Guilt however, can be quite the hero at times. When it comes in normal doses, it is a good thing. Guilt, or rather fear of it, is what keeps us on the straight and narrow, it is what keeps us away from realizing our distasteful fantasies, and more importantly it is what keeps us away from that third chocolate bar, that fourth glass of wine and that seventeenth cigarette.
But some people let the hyena eat away at their souls without control. The torturous gnawing is there all the time and for no particular reason whatsoever, just perpetual omnipresent grinding and chewing. It cripples their self esteem, and burdens their life with complimentary trips to a virtual land of fault and culpability.
A recent study from Spain’s University of Basque Country, has unsurprisingly revealed that the most guilt-ridden people on earth are those of the gentler sex. Women feel guilty about things like forgetting a friend’s birthday, about not breastfeeding their two year olds, or snapping at a relative. Women are incessantly brooding over an indiscretion of some sort like buying yet another pair shoes, or throwing away last night’s leftovers. You name it, and women are feeling guilty about it!
According to Mary Ann Bauman MD – director of Women’s Health for INTEGRIS, a nonprofit health system in Oklahoma – the reason for all this female guilt is because women build their self-esteem and their self-worth through relationships. This means that for women, it is of utmost importance that no one thinks that they are being selfish in any way. But since it is humanly impossible to always act selfless and altruistic, aiming to do so, or even to appear so, results in women overextending themselves and feeling continually inadequate. Let’s face it, not even the likes of Mother Theresa are capable of always being good and philanthropic, let alone, normal earthly women like us.

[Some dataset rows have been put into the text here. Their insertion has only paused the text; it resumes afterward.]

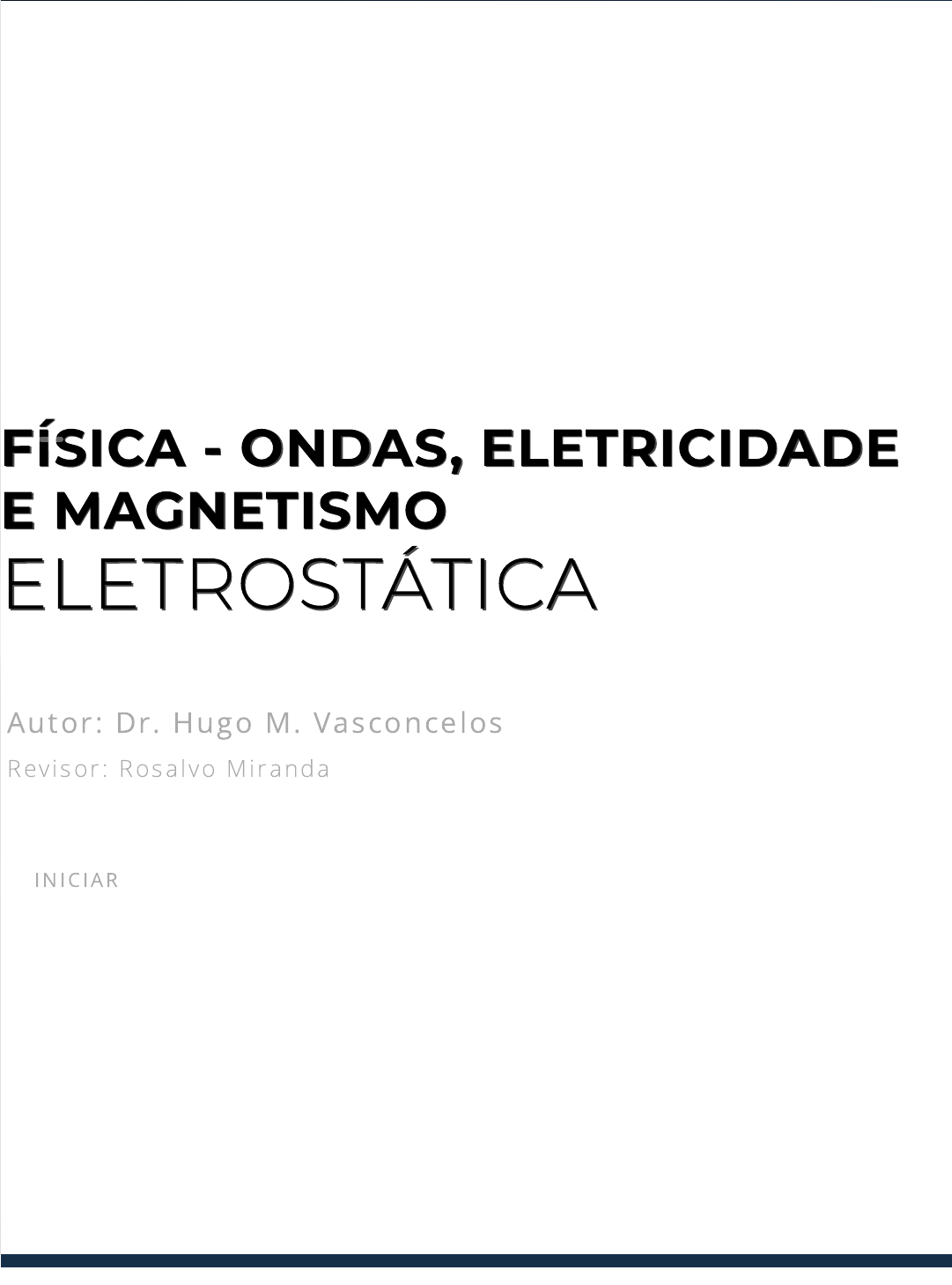 FÍSICA - ONDAS, ELETRICIDADEFÍSICA - ONDAS, ELETRICIDADE E MAGNETISMOE MAGNETISMO ELETROSTÁTICAELETROSTÁTICA Autor: Dr. Hugo M. Vasconcelos Revisor : Rosa lvo Miranda IN IC IAR introdução Introdução Atualmente podemos encontrar inúmeros aparelhos eletrônicos que funcionam de acordo com os princípios da física, principalmente usando os conceitos de eletromagnetismo, ou seja, uma combinação de fenômenos magnéticos e elétricos. Esses conceitos estão presentes em aparelhos como câmeras digitais, televisores, celulares, de forma a aderir em �lmes de plástico ou materiais de vidro. Logo, podemos explicar vários fenômenos ao nosso redor, como o �ash de uma câmera, mas também a formação de um relâmpago em dias chuvosos, a aurora boreal e até mesmo um arco-íris. A ciência do eletromagnetismo foi proposta por vários pensadores ao redor do mundo. Um dos principais foi Michael Faraday, que observou e descreveu fenômenos físicos. Um grande sinal do seu talento foi demonstrado quando descobrimos que seus cadernos e anotações possuíam não apenas uma equação, mas várias delas sistematizadas em um pensamento lógico e cientí�co usado até na atualidade. Já no século XIX, podemos analisar os pensamentos de James Clerck Maxwell, onde surgem as proposições de Faraday juntamente com a matemática, introduzindo ideias próprias com uma base teórica sólida para o estudo do eletromagnetismo. Vamos começar a discutir os conceitos da elétrica para então compreender o estudo das cargas e forças associadas. Os estudos a respeito da eletricidade remontam a sociedades antigas, como gregos, in�uenciadores para as ideias de Franklin e Coulomb. Já no século XIX, Oested demonstrou que fenômenos elétricos e magnéticos estavam interligados, ao observar que um objeto de metal poderia ser perturbado quando colocado próximo de um �o onde passa uma corrente elétrica. Considerando como sabida a presença de cargas elétricas diferentes (positivas e negativas), eletri�cação devido à indução, atração e repulsão, consideramos a unidade Coulomb (C) para de�nir uma carga elétrica, como proposto pelo Sistema Internacional. Além disso, iremos considerar que a carga é conservada e pelo princípio da quantização de carga, é possível a�rmar que cada carga tem um valor inteiro de , ou seja, logo, não existe um valor de carga menor que o proposto por e. Lei de Coulomb Força e CampoForça e Campo ElétricoElétrico e = 1, 602 × C10−19 A princípio, supomos duas cargas e distanciadas uma da outra por uma distância re isoladas uma da outra pelo vácuo, como disposto na Figura 2.1. Figura 2.1 - Duas cargas elétricas pontuais e positivas exercem força uma sobre a outra. Fonte: Serway e Jewett Jr. (2017, p. 7). Usando os princípios da lei de Coulomb, podemos a�rmar que a força elétrica existente entre duas cargas é diretamente proporcional ao produto entre elas e inversamente proporcional ao quadrado entre suas distâncias. Assim, a direção seguida pela força é a linha que passa nas duas cargas. Logo, quando as duas cargas estiverem com o mesmo sinal, como demonstrado na Figura 2.1, estaremos diante de uma força chamada de repulsiva, mas quando as cargas tiverem sinais opostos, a força será chamada de atrativa, como é possível veri�car na Figura 2.2. q1 q2 Figura 2.2 - Duas cargas elétricas pontuais, sendo uma positiva e outra negativa Fonte: Serway e Jewett Jr. (2017, p. 7). As forças elétricas obedecem à terceira lei de Newton, de forma que uma carga estará exercendo in�uência sobre a outra e são iguais apenas em módulo, mas opostas em sentido. Matematicamente a Lei de Coulomb pode ser expressa por, (1) onde é a força que a partícula i exerce sobre a partícula j, r é a distância entre as duas partículas e é o vetor unitário na direção da partícula 1 para 2. No Sistema Internacional, o valor da constante elétrica k é e o valor da permissividade elétrica no vácuo é . Quando temos mais de 2 cargas, a força elétrica entre os pares e cargas será expresso pela equação abaixo: (2) onde cada termo da expressão (2) é a força sobre a partícula de referência. = F ⃗ 12 ke q1q2 r2 r̂12 F ⃗ ij r̂12 8, 988 × N . /109 m2 C2 ε0 8, 854 × /N .10−12C2 m2 = + +. . . +F → 1 F21 −→ F31 −→ F → ij Campo Elétrico Agora vamos supor que temos, em uma região do espaço, uma carga (ou talvez uma distribuição de cargas) chamada de carga fonte. Essa carga irá perturbar todo o ambiente de modo que ao colocarmos uma outra partícula carregada, chamada de carga de prova, ela irá sentir a ação de uma força que não existiria se não houvesse a carga fonte. Logo, mesmo que não houvesse a carga de prova, é considerável observar que as propriedades desse espaço foram modi�cadas. Assim, só poderemos detectar essa alteração devido à carga de prova, mas o que queremos observar é que a perturbação não depende da existência da carga de prova. Para de�nirmos qual é essa propriedade, precisamos voltar à nossa carga de prova , como mostrado na Figura 2.3, e inferirmos que tipo de perturbação ela está sofrendo. Se existir um campo elétrico não nulo nessa região, essa carga sofrerá uma força de módulo, direção e sentido bem de�nidos. Em outra linguagem, queremos pontuar que essa perturbação apresenta um caráter vetorial, pois quando colocarmos uma grandeza escalar (carga elétrica) em qualquer ponto desse campo, atuará sobre ela uma grandeza chamada de vetorial, que nada mais é que a força elétrica. Figura 2.3 - Duas cargas elétricas pontuais, sendo uma positiva e outra negativa Fonte: Serway e Jewett Jr. (2017, p. 11). qo É preciso observar que se mudarmos o valor da carga de prova, a força também será alterada na mesma proporção, mas será mantida a mesma direção e sentido. Se trocarmos apenas o sinal dessa carga, a força também mudará apenas o sentido, de for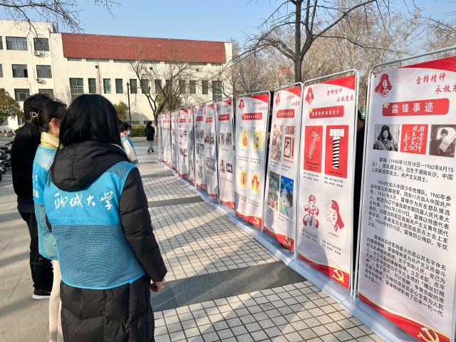 马克思主义学院、体育学院联合开展以“弘扬雷锋精神,争做时代先锋”青年思享汇校园研学活动,引导广大青年学子将忘我奉献的雷锋精神与艰苦奋斗的优良传统有机融合进日常学习和生活中;传媒技术学院、美术与设计学院发挥专业特长,组织“向雷锋同志学习”主题文化展示活动。以“雷锋精神”为创作主题,运用设计艺术的语言挖掘、传播雷锋精神。书法作品力透纸背,通过笔墨纸砚,以传统文化艺术的形式书写着青年学子心中的雷锋精神。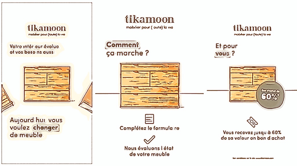 Les clients complètent un formulaire en ligne pour faire évaluer leur meuble. Le montant du rachat varie selon l’état : 60% du prix d’origine pour un meuble en très bon état, 50% en bon état, et 30% en état moyen. Le bon d’achat est valable un an sur le site Tikamoon ou à la boutique circulaire.​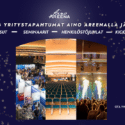 Aino Areenalla Järvenpäässä järjestetään monipuolisesti erilaisia yritystapahtumia kuten messuja, seminaareja, kick-offeja ja henkilöstöjuhlia myös ensi vuonna. Lue tästä
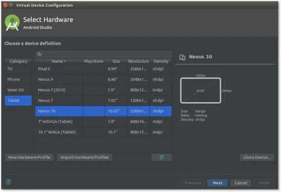 3、选择设备 : 平板电脑> Nexus 10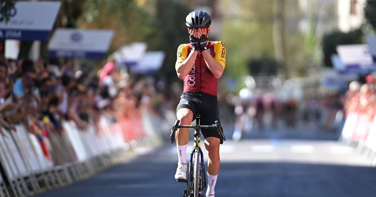 Ion Izagirre besa a su mujer tras la victoria.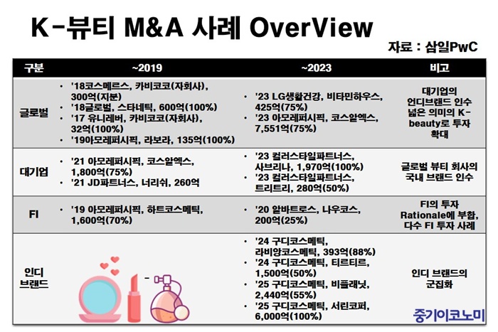 º¸°í¼´Â ÃÖ±Ù 10¿© ³â°£ K-ºäƼ M&A È帧ÀÌ Å©°Ô º¯ÈÇß´Ù°í ºÐ¼®Çß´Ù. 2017~2019³â¿¡´Â ±Û·Î¹ú ºäƼ ±â¾÷µéÀÌ ±¹³» ¼±µµ ºê·£µå¸¦ ÀμöÇÏ¸ç ½ÃÀå¿¡ ÁøÀÔÇßÁö¸¸, ¾Æ¸ð·¹ÆÛ½ÃÇÈÀÇ ÄÚ½º¾Ë¿¢½º(COSRX) Àμö¸¦ ±âÁ¡À¸·Î ±¹³» ´ë±â¾÷ÀÌ À¯¸Á Àεðºê·£µå¸¦ Èí¼öÇÏ´Â Àü·«À¸·Î ¹æÇâÀÌ ÀüȯµÆ´Ù. ÇöÀç´Â À繫Àû ÅõÀÚÀÚ(FI)±îÁö °¡¼¼ÇÏ¸é¼ »ê¾÷ Àü¹Ý¿¡¼ Ȱ¹ßÇÑ °Å·¡°¡ À̾îÁö°í ÀÖ´Ù.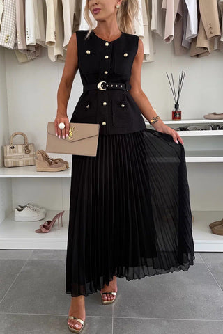 2025 NEW Chic Sleeveless Vest Pleated Skirt Set Sale

Men, it seems, have it different. According to Bauman, they build their self-image and self-esteem through their accomplishments and not through their relationships with other people. This does not mean that they don’t feel guilty, but to a much lesser degree than women, and for very different reasons. . According to this same study men tend to feel guilty for not managing to achieve their parents’ expectations, and those men who are predisposed at trying to please their parents even as adults are especially plagued with feelings of guilt.
The fact remains that on the whole, men feel significantly less guilt than women and this probably explains why so many of them refuse to admit their guilt and wrong doings despite endless evidence stacked up against them.

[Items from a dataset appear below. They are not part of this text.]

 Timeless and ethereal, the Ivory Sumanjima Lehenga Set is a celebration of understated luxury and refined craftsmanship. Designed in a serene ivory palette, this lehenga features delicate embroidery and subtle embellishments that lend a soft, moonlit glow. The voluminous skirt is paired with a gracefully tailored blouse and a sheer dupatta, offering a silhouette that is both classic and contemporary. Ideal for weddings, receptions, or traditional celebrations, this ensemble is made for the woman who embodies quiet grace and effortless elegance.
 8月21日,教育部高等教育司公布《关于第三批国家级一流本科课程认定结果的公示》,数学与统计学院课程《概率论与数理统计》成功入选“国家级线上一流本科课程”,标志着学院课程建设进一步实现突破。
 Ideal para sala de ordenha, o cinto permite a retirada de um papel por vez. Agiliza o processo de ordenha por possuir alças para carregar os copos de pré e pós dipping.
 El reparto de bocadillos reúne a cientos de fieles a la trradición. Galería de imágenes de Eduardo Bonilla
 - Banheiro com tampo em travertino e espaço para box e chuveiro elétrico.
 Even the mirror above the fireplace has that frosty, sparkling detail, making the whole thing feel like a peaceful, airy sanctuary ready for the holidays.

My personal addition to this theory is that successful and highly accomplished men are even more likely not to feel guilty about their wrong doings, because deep down they feel that because of their achievements, they are exempt from the rules that govern everybody else. In simpler words, they genuinely feel entitled to it – start with Bill Clinton and finish off with OJ Simpson, Tiger Woods and the boy next door who just made it to the National Football Team –
Out of the 300 men and women that were studied, it resulted that men felt most guilty about things that affected them and them alone, like over indulging, over eating or drinking too much. Although women felt guilty about these things as well, men were less likely to brood over things like not making enough time for family or a sick friend.
The findings, which were also published in the Spanish Journal of Psychology imply that, feelings of guilt in men and women work in chronological reverse order. Whilst women develop feelings of guilt relatively early in life, it takes men almost half a century (40s -50s) until their interpersonal sensitivity levels reach those of women, and by the time men start to figure out the whole sensitivity thing, women start to develop high levels of ‘anxious-aggressive’ guilt. Unlike empathetic guilt which makes us feel sorrow for a person that we think we might have wronged, ‘anxious-aggressive’ guilt is like a time bomb waiting to explode in the face of an unarmed stranger.
So whilst men dabble and fumble with empathy, sympathy, and sensitivity until half way through their lives, women spend the same amount of time pulling their guilt inward and blaming themselves. The findings suggest that the solution to all this is early socialization. We need to stop teaching boys that it’s normal or even expected of them to be insensitive and aggressive, and that girls need not always be sweet and agreeable. This will make it more likely for men and women to end up on the same page before retirement age.
Clearly this is much easier said than done, and driving hyena’s into extinction is probably more likely to happen than short circuiting the way men and women develop over the years.